Hojicha Silky Custard Cream (Print out)

Smooth custard infused with roasted hojicha tea offers a nutty, mellow flavor with subtle smokiness.

# What You'll Need:

→ Dairy

01 - 2 cups whole milk
02 - 3 tablespoons unsalted butter

→ Tea

03 - 3 tablespoons hojicha loose leaf tea or 3 hojicha tea bags

→ Eggs

04 - 4 large egg yolks

→ Sweeteners

05 - 1/2 cup granulated sugar

→ Starch & Flavorings

06 - 3 tablespoons cornstarch
07 - 1/2 teaspoon vanilla extract
08 - Pinch of salt

# How to Make It:

01 - In a medium saucepan, heat the milk over medium heat until steaming but not boiling.
02 - Add the hojicha tea.
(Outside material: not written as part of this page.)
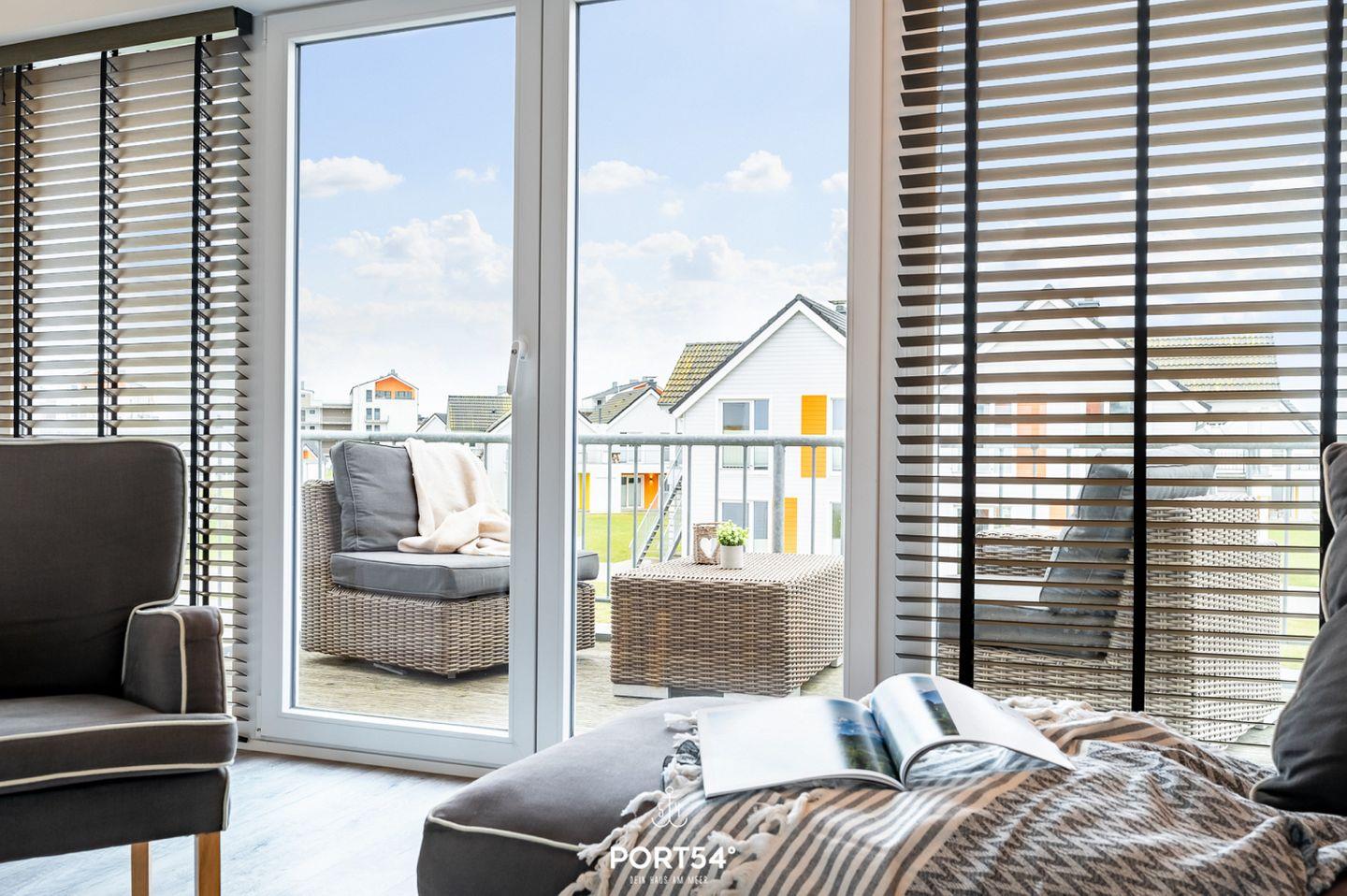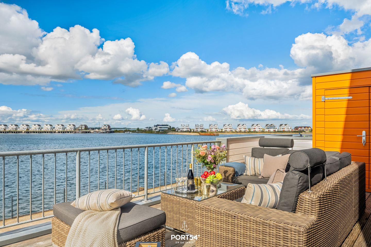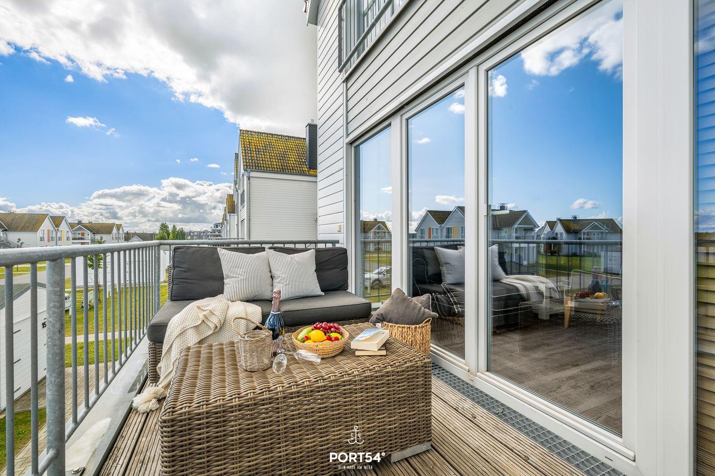 Der großzügige Balkon in Richtung Wasserseite lädt Dich zu sonnenverwöhnten Stunden ein und bietet Dir einen malerischen Blick auf den Hafen von Olpenitz. Hier kannst Du Deine Urlaubstage ausklingen lassen, die Meeresbrise genießen und spektakuläre Sonnenuntergänge erleben.

Remove from heat, cover, and steep for 10 minutes.
03 - Strain the milk through a fine mesh sieve, pressing the tea leaves to extract maximum flavor. Discard leaves.
04 - In a mixing bowl, whisk together egg yolks, sugar, cornstarch, and salt until smooth and pale.
05 - Gradually pour the warm hojicha-infused milk into the yolk mixture, whisking constantly to temper the eggs.
06 - Return the mixture to the saucepan. Cook over medium heat, whisking constantly, until thickened and bubbling, about 2 to 3 minutes.
07 - Remove from heat and whisk in butter and vanilla extract until fully incorporated.
08 - Transfer pastry cream to a clean bowl. Press plastic wrap directly onto the surface to prevent a skin from forming.
09 - Chill in the refrigerator for at least 1 hour, or until completely cool and set.
10 - Before using, whisk briefly to smooth out the cream.

# Expert Advice:

01 -
  • Perfect balance of rich custard and toasted tea flavors
  • Versatile filling for cream puffs, éclairs, or layer cakes
  • Make-ahead friendly - prepare a day before using
  • Impressive yet achievable for intermediate bakers
  • A unique twist on classic pastry cream
02 -
  • For the smoothest texture, strain your pastry cream twice - once after steeping the tea and once after cooking.
  • The plastic wrap should touch the surface of the cream directly to prevent skin formation.
  • Hojicha powder creates a more uniform color but slightly less complex flavor than steeped leaves.
  • This pastry cream can be prepared up to 3 days in advance if kept refrigerated in an airtight container.
  • For a dairy-free version, substitute coconut milk and coconut oil for the whole milk and butter.